I have a 9b-17-1 Logan that I aquired last week. The retaining mech for the compound slide screw broke or is missing and I can't seem to find it or a part number or what it is actual called to get a replacement. So it just now unthreads and threads but won't move the slide.

Sent from my SM-N975U using Tapatalk


----------



## brino (Nov 25, 2019)

Hello and welcome to the group!

I am not familiar with the Logan models numbers. 
There are a few manuals available here:
http://vintagemachinery.org/mfgindex/detail.aspx?id=2093&tab=3
Have a look, maybe you can find an exploded view and part number.
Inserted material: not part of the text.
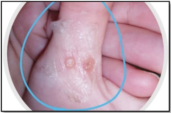 - Viennet, C.; Gheit, T.; Muret, P.; Aubin, F.; Cabou, J.; Marchal, A.; Tommasino, M.; Humbert, P.J.C.; Dermatology, E. Assessment of the efficacy of a new formulation for plantar wart mummification: New experimental design and human papillomavirus identification. Clin. Exp. Dermatol. 2013, 38, 85–88. [Google Scholar] [CrossRef]

I believe some parts are still available for Logan machines.
Hopefully a Logan expert will stop by this thread with some real answers soon.
Good Luck!

-brino


----------



## Chuck K (Nov 26, 2019)

I'm trying to figure out which part you're missing. Is it the threaded collar that screws into the compound?


----------



## wa5cab (Nov 26, 2019)

I'm not a Logan expert, either.  But 9b sounds more like a South Bend model number than a Logan.  Logan model numbers all seem to be 3 and 4-digit.  For example, a Logan Model 400 is one 9" lathe family.  Best bet would be to start with a photo of the machine's nameplate.  And one of the carriage, cross slide and compound.


----------



## brino (Nov 26, 2019)

A few pictures sure would help.
-brino


----------



## Nogoingback (Nov 26, 2019)

Here's a PDF of a larger Logan than yours: not the same machine but there's a good chance the compound
is put together the same way.  If you remove the compound you can see if the compound rest nut is present:
if the handle turns but nothing happens the nut is probably the culprit.
You can also contact Logan directly by phone: they have the correct parts manuals and operators instructions for your
machine, and can supply parts as well. http://www.lathe.com is the link.
As brino said, you can also post pictures of what you have and we can help you that way.


----------



## rambin (Nov 29, 2019)

what we really need to know is....is the screw thread turning.. the part under the compound... there should be a removable panel there covering the threaded rod from chips... or when you turn the handle is it just slip;ing on the threaded rod that is suppose to move the compound.  there is a sleeve joint on mine that has failed...  unbolt the saddle take it off have a good look.


----------



## Nogoingback (Nov 29, 2019)

Are we talking about the cross slide, or the compound?  The OP, who seems to have gone AWOL said compound.


----------



## Chuck K (Nov 29, 2019)

I was thinking compound. From his description it sounds like the screw is backing out of the compound casting instead of pulling it back.


----------



## rambin (Nov 29, 2019)

hmm I misread I guess... I don't know whats going on then... hopefully he returns with pictures....


----------